**WORK TASK**
Below are records; count the lines that contain "éternue" and give only the total.

BEGIN

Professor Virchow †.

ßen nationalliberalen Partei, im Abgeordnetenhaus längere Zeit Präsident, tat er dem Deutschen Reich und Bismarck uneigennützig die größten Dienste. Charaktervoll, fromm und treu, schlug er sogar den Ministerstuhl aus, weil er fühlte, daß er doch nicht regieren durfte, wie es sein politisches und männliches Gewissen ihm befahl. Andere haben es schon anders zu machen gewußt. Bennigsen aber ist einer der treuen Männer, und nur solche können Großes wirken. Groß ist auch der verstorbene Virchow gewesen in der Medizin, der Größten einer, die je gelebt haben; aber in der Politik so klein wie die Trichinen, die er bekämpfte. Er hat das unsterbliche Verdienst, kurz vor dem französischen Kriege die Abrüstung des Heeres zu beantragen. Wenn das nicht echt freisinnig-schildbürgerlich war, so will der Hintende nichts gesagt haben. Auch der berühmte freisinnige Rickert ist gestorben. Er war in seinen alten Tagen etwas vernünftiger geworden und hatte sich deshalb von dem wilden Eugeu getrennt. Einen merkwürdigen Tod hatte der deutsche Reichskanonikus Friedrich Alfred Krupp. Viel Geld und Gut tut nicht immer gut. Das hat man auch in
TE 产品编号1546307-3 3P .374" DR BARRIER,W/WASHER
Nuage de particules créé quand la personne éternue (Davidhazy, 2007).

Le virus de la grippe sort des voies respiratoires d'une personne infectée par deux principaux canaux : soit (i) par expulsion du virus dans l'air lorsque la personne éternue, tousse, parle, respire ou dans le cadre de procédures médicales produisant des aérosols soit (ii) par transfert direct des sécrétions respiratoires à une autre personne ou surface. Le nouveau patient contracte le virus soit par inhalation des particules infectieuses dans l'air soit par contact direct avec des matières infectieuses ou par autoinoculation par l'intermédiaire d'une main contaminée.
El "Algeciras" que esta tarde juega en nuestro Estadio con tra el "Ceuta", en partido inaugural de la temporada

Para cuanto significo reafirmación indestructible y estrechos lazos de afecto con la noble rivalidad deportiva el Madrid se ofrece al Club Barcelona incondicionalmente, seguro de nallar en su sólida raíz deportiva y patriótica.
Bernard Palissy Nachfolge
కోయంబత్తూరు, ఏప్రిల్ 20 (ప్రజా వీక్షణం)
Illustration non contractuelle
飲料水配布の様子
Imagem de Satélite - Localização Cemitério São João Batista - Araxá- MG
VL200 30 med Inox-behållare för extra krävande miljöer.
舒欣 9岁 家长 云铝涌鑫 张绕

END

**EXPECTED ANSWER**
2